Пахом зябко поежился и отошел подальше от сидящих на земле пленных. Николай же свежим взглядом осмотрел южан, силясь найти в одежде какие-нибудь радикальные отличия от известных ему туркмен, текинцев и каджар. А потом спросил у боярина:
– А как вы думаете, у них там все – былинные герои? Или простые люди тоже есть?
– Простых людей и у нас нет, знаешь ли, – пожал плечами Андрей Тимофеевич, – Правила такие. Ни я, ни какой-либо другой владетель не боги. Мы не можем взять и по своему разумению душу воплотить в тело. Мы можем только призвать кого-то. А души призываются алтарем таким образом. Владетель обращается к эгрегору – не спрашивай меня что это, так сразу и не объясню. И там, в этом самом эгрегоре, ищет уже человека по людским обращениям. Как бы так попроще сказать… Если, к примеру, человека не вспоминает никто, не рассказывает про него историй – то и душу его найти никак не получится. Никаких путеводных ниточек к ней нету. А когда хоть кто-то в памяти своей обратится к душе когда-либо живущего – считай, тем самым ниточку вплетает в этот эгрегор. И чем больше про человека говорят всякого – тем толще путеводная ниточка к его душе.
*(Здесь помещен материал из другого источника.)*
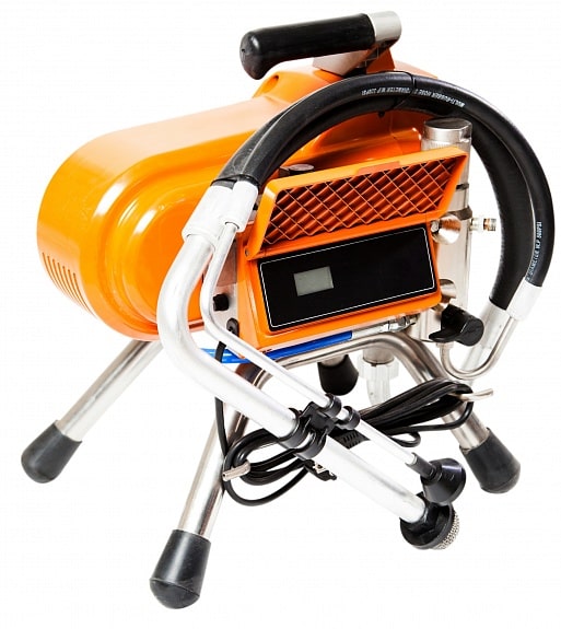 Мощный аппарат, заявлена реальная производительность! Включаю через стабилизатор ресанта - проблем по электрике и плате не было никаких! Тянет все, кроме шпатлевки! Работаем по огнезащите!

А уж ежели про человека напишут…ну не книгу, положим, а хотя бы письмо какое – то вот уже тебе путеводная нить, по которой ты в Великом Ничто человеческую душу найти сможешь, и по этой же самой ниточке его вытащить. Как-то вот так, братец.
Пахом встрепенулся:
– Так это что же получается, Андрей Тимофеевич? Выходит, помнят меня там?
Боярин кивнул, соглашаясь.
– Помнят, Пашенька. И дети, и внуки. И молятся за тебя в день поминовения. Да и сослуживцы твои нет-нет, да и расскажут про тебя истории. Уже сколько времени прошло, в полку, считай, никого не осталось из тех кто с тобой войну прошел, а истории про тебя рассказывают. И не только про тебя, а вообще про всех вас. Каждый ведь хоть чем-то, да отметился. Про каждого были какие-то предания. Истории рассказывали, потомкам своим помнить завещали. Так вот вы и оказались вплетены в память народную, причем совсем не маленькой ниточкой, знаете ли. А вот те, кого не запомнили, про кого не рассказывали преданий да историй, кому не писали писем – у тех судьба совсем незавидная. Такие в этой игре за монстров играют. Я вот, к примеру, именно так с Ледяным Владетелем знакомство свел в былое время – по лицу боярина промелькнула тень.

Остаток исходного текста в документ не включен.